For each task, collect demonstrations using a teleoperation interface (VR controller for 6-DoF tasks, keyboard for simple tasks). Target 100-200 successful demonstrations per task for the standard training set, plus 20-50 for a few-shot training set. Collect demonstrations from at least 3 different operators to avoid operator-specific motion biases. Record at the robot's native control frequency (10-50 Hz) with synchronized RGB images (224x224 or 256x256), depth maps (if using RGB-D), joint positions, joint velocities, end-effector poses (position + quaternion), gripper state, and the action commands sent to the robot.
Apply quality filters before including demonstrations in the canonical set. Discard episodes with: tracking error above 3cm between commanded and actual end-effector pose (indicates teleoperation lag), any collision events, episode length above 2x the median for that task (indicates operator confusion or recovery attempts), or missing sensor data (dropped camera frames, proprioception gaps). Re-collect to maintain the target count. After filtering, verify that the training set covers the full initial state distribution by plotting end-effector start and goal positions and checking coverage.
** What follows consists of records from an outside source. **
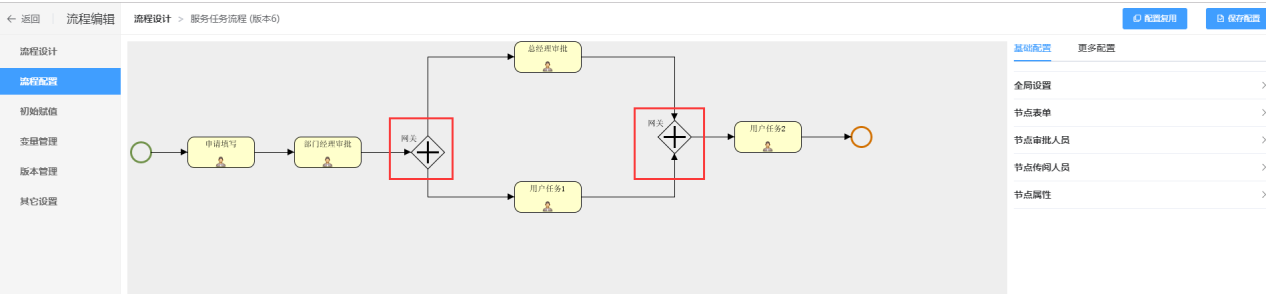 返回主流程页面,点击保存配置即可启动该流程,效果图如下所示: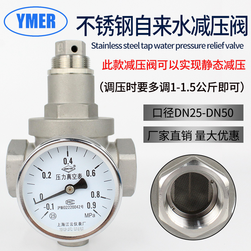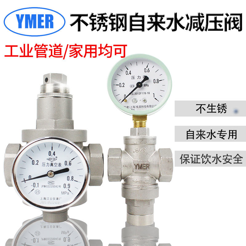 Tap water pressure relief valve 6 min stainless steel household pipeline 4 - point pressure regulatory pressure gauge accessories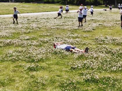 自由遊びの時には、シロツメクサの上に寝転んだり、クルクルと回ってみたり、鬼ごっこをしたり、それぞれが思い思いに遊びました。
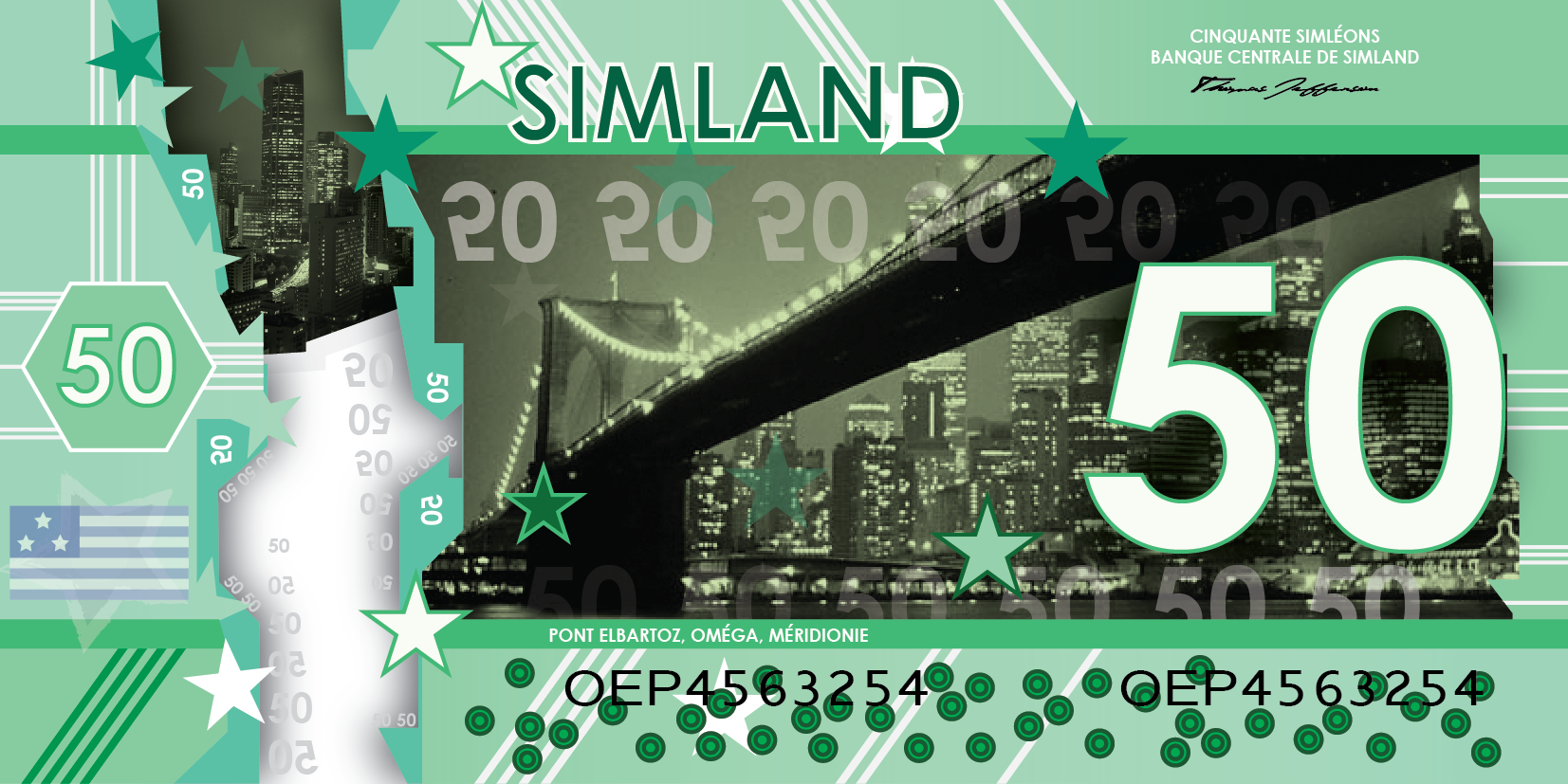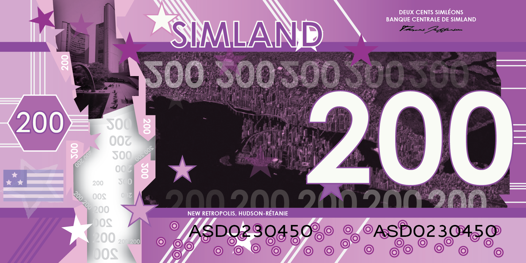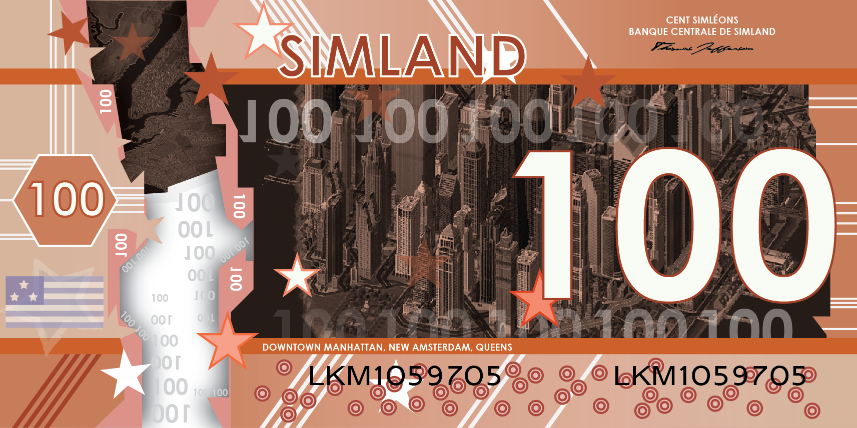 La première série de billets simlandais a été présentée officiellement le 22 mai dans la résidence du Vice-Président Charles Francis Christiaansens. Ils ont été désigné par Sim Hurban.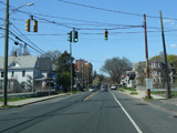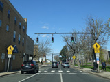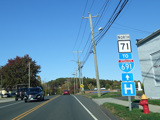 There is a traffic light at Hanover Street. Cook Avenue becomes a southbound one-way street straight ahead. Turn right to stay on CT 71.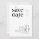 A bold, decorative font immediately catches your eye and sets the tone for most pieces of this modern, minimalist wedding suite. The wedding 'Save the Date' card shown here, with it's informal layout, provides the date of your big day, and optionally, the address of your wedding website. Search ID887 to see all the products in this wedding set.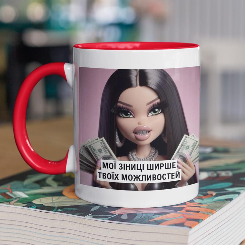 Чашка керамічна з принтом "мої зіниці ширше твоїх можливостей" 330 мл, біла з червоною...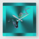 Saxophone Blowing Notes Modern Metallic Teal Square Wall Clock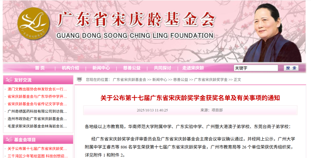 据悉,本届广东省宋庆龄奖学金将为每名获奖学生提供2000元奖金,以资鼓励。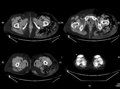 hasta mitad post del muslo izquierdo, con enfisema subcutáneo, crepitación y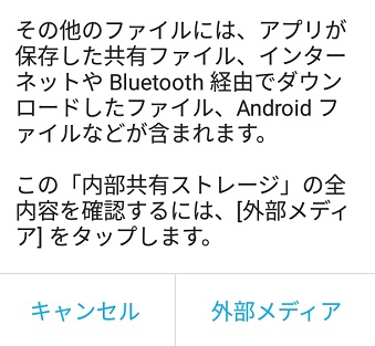 アプリが保存した共有ファイルやインターネット等からダウンロードしたファイル、そしてAndroidのファイルが含まれていると書かれています。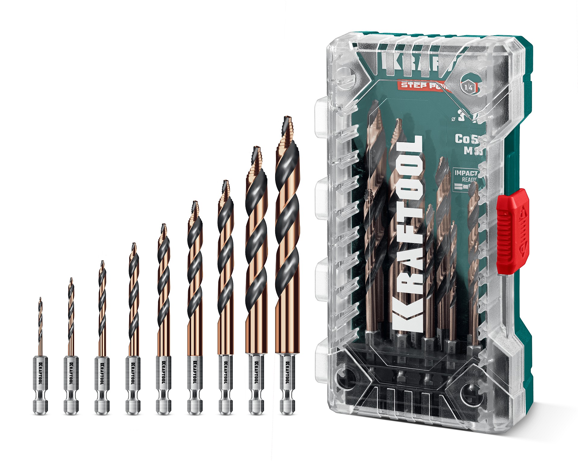 Набор сверл по металлу для винтовёртов и шуруповертов IMPACT READY KRAFTOOL STEP POINT, 10 шт, 29653-H10 — предназначен для обработки легированных и углеродистых сталей с пределом прочности до 1000 Н/мм², цветных металлов, серого чугуна и пластмассы.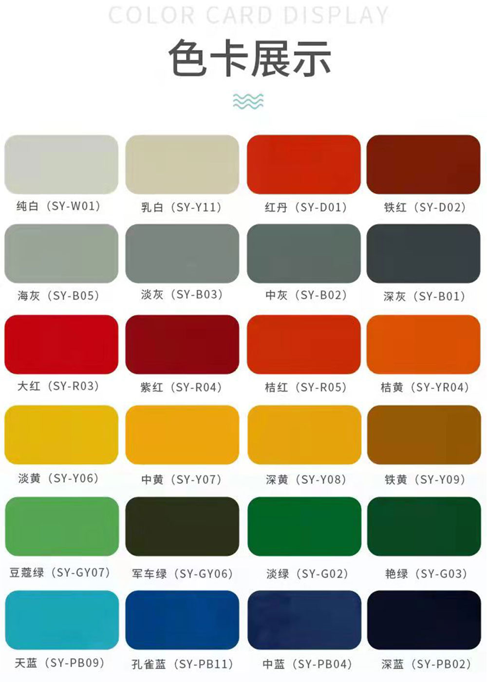 *如果下列色卡中没有,可以从国际通行的劳尔色卡中选择,报颜色号码即可定制。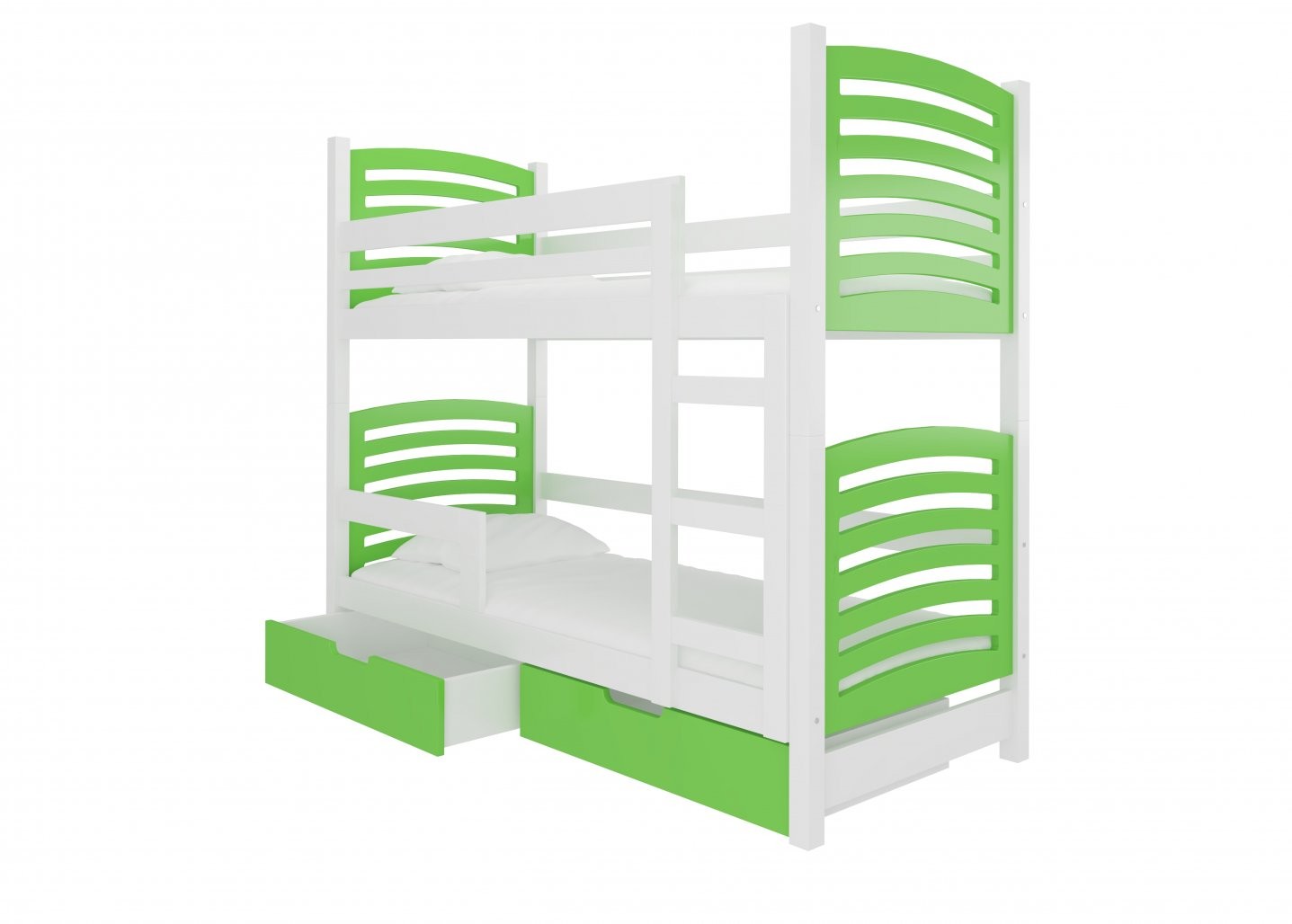 - Uključuje: Dva pjenasta madraca s uklonjivim pamučnim navlakama, fleksibilne letvice, dvije prostrane ladice za posteljinu

Store the training dataset in two standard formats. HDF5 following the robomimic convention: `/data/demo_N/obs/rgb_wrist` (uint8, T x H x W x 3), `/data/demo_N/obs/state` (float64, T x state_dim), `/data/demo_N/actions` (float64, T x action_dim), with a `/data/demo_N/attrs` group containing task_id, operator_id, and success (always True for canonical training data). RLDS format for users of RT-X, Octo, and OpenVLA: TFRecord episodes with standardized feature names. Include action normalization statistics (mean, std per dimension) computed on the training set, stored in the dataset metadata.
Publish the training data with a permissive license (CC-BY-4.0 or Apache 2.0). A benchmark with restricted training data will not be adopted because researchers cannot publish derivative work.
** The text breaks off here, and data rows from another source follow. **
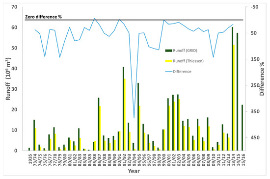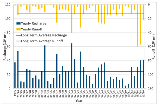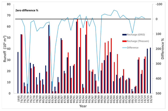 The differences between the two methods (GIS GRID vs. Thiessen polygon method) show a wide range for both yearly runoff and recharge. The largest differences occur in the dry years, where rainfall is lower than the long-term average (326 mm), as shown, for example, in the year 1975/1976. Figures S7 and S8 in the Supplementary Materials show a comparison between the two methods for selected years of lower and higher than long-term average rainfall, respectively. In general, it is indicated that the GIS GRID method provides a higher estimation than the Thiessen polygon method for both runoff and recharge when the rainfall is lower than the long-term average rainfall. In years with rainfall that was higher than the long-term average rainfall, the two methods’ estimations are similar.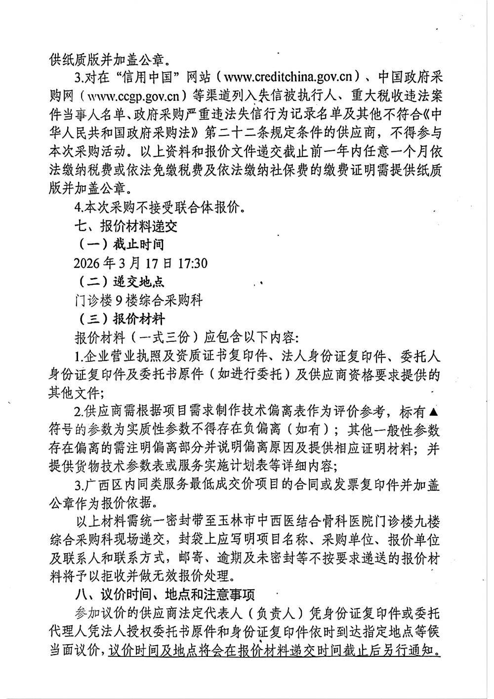 玉林市中西医结合骨科医院红光治疗仪采购项目采购公告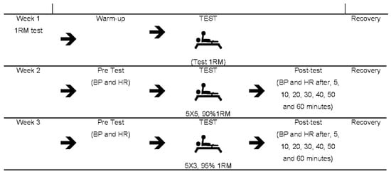 Experimental design of the study. BP: blood pressure, HR: heart rate, 5X5: five sets of 5 repetitions, 5X3: five sets of three repetitions; 1RM: one repetition maximum.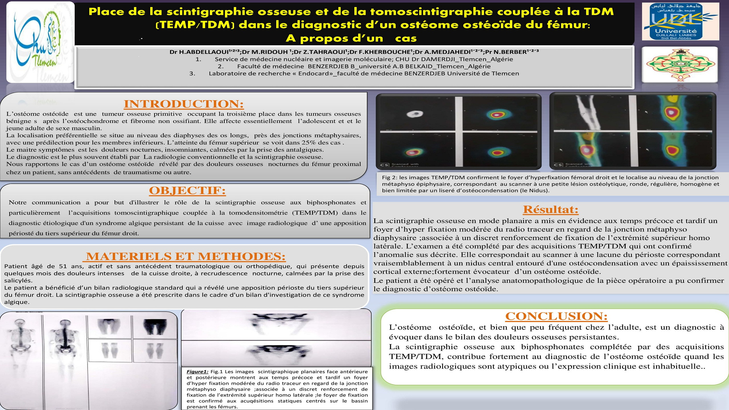 La scintigraphie osseuse en mode planaire a mis en évidence aux temps précoce et tardif un foyer d’hyper fixation modérée du radio traceur en regard de la jonction métaphyso diaphysaire ;associée a un discret renforcement de fixation de l’extrémité supérieur homo latérale . L’examen a été complété par des acquisitions TEMP/TDM qui ont confirmé l’anomalie sus décrite. Elle correspondait au scanner a une lacune du périoste correspondant vraisemblablement a un nidus central entouré d’une ostéocondensation avec un épaississement cortical externe;fortement évocateur d’un ostéome ostéoide. Le patient a été opéré et l’analyse anatomopathologique de la piece opératoire a pu confirmer le diagnostic d’ostéome ostéoide.

Tip: Collect 20% more demonstrations than your target to account for quality filtering. Filtering out 15-20% of episodes is normal for teleop data.
Tip: Include a small 'validation' split (10% of training episodes) held out for hyperparameter tuning. Without this, researchers tune on the test set, which invalidates results.
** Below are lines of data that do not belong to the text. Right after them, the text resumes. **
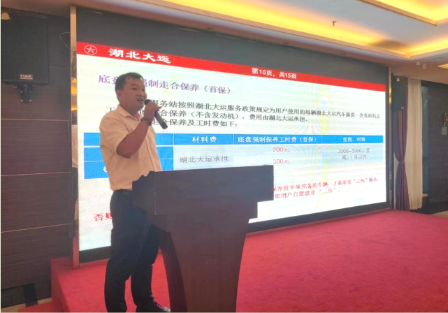 湖北大运汽车有限公司售后服务部主管喻维东向在座来宾详细介绍了“大运服务、领先一步”的服务理念,并讲解了湖北大运在全国的服务网络、配件保障和服务政策,力争用质量赢市场,以服务得人心,用心为每一位用户保驾护航。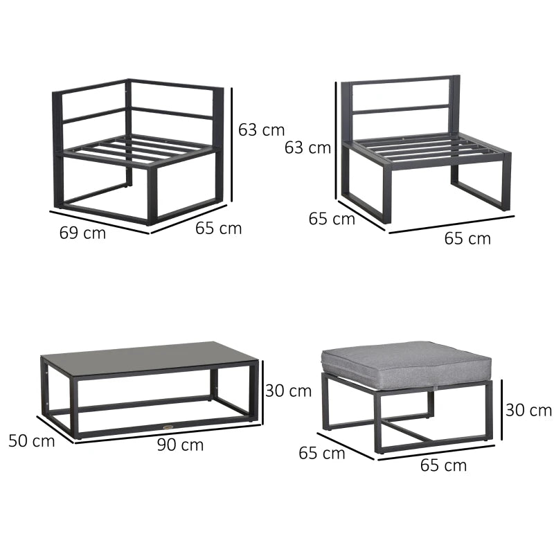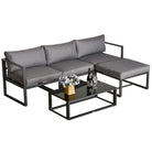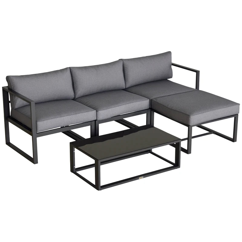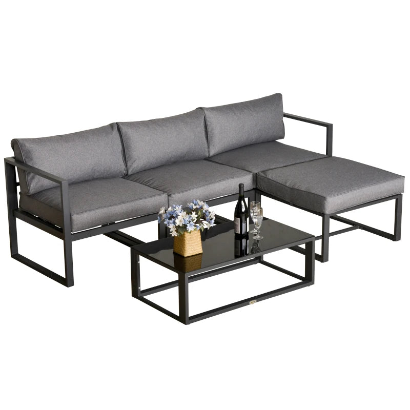 Outsunny 5 Pieces Outdoor Patio Furniture Set, Sofa Couch with Glass Coffee Table, Cushioned Chairs and Aluminum Tube, for Balcony Garden Backyard, Grey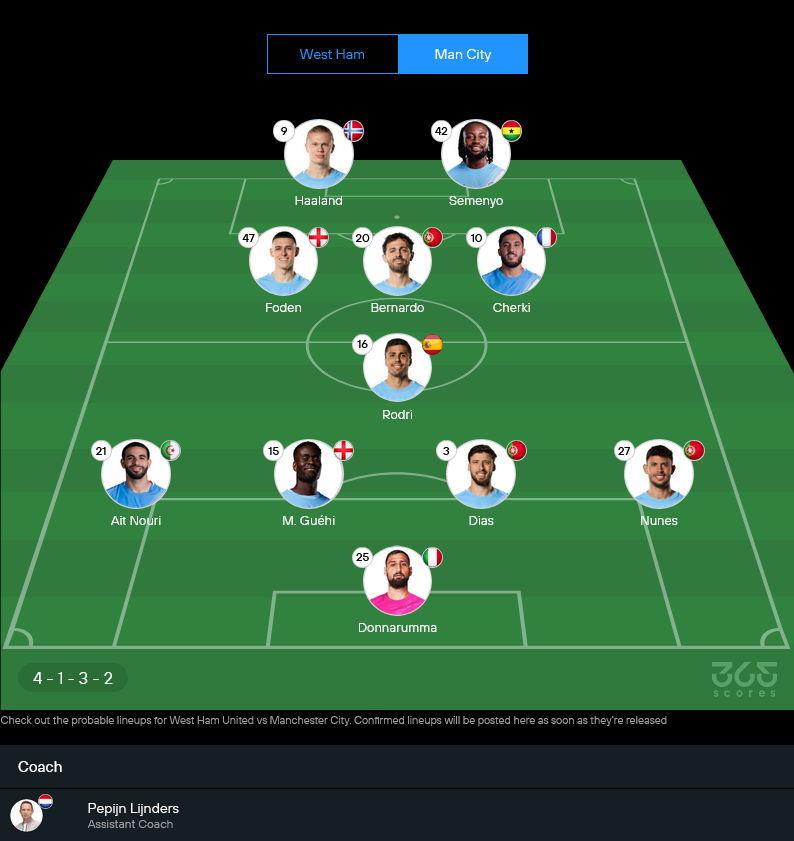 เป๊ป กวาร์ดิโอล่า ยังน่าจะยึดระบบ 4-1-3-2 เหมือนเดิม จุดแข็งคือแดนกลางคุมเกมได้แน่น และแนวรุกมีตัวจบสกอร์หลายทาง แม้จะมีตัวเจ็บอยู่บ้าง แต่คุณภาพโดยรวมยังเหนือกว่าเจ้าบ้านชัดเจน

Tip: Provide a visualization script that renders any training episode as a video with trajectory overlay. This is the first thing every new benchmark user will run.
Build the Automated Evaluation Harness
Create a containerized evaluation pipeline that takes a policy checkpoint as input and produces a standardized results report. This harness is the single most important component for benchmark adoption because it eliminates implementation differences in evaluation code that cause result discrepancies between labs.
Build the harness as a Docker container with all dependencies pinned (MuJoCo 3.1.6, Python 3.11.8, PyTorch 2.2.1, etc.). The entry point is: `python evaluate.py --policy_path /path/to/checkpoint --output_dir /path/to/results`. The script loads the policy, runs it on all evaluation episodes (iterating through the pre-generated initial state files from Step 2), computes all metrics from Step 3, and writes a results JSON file with episode-level data and aggregate statistics.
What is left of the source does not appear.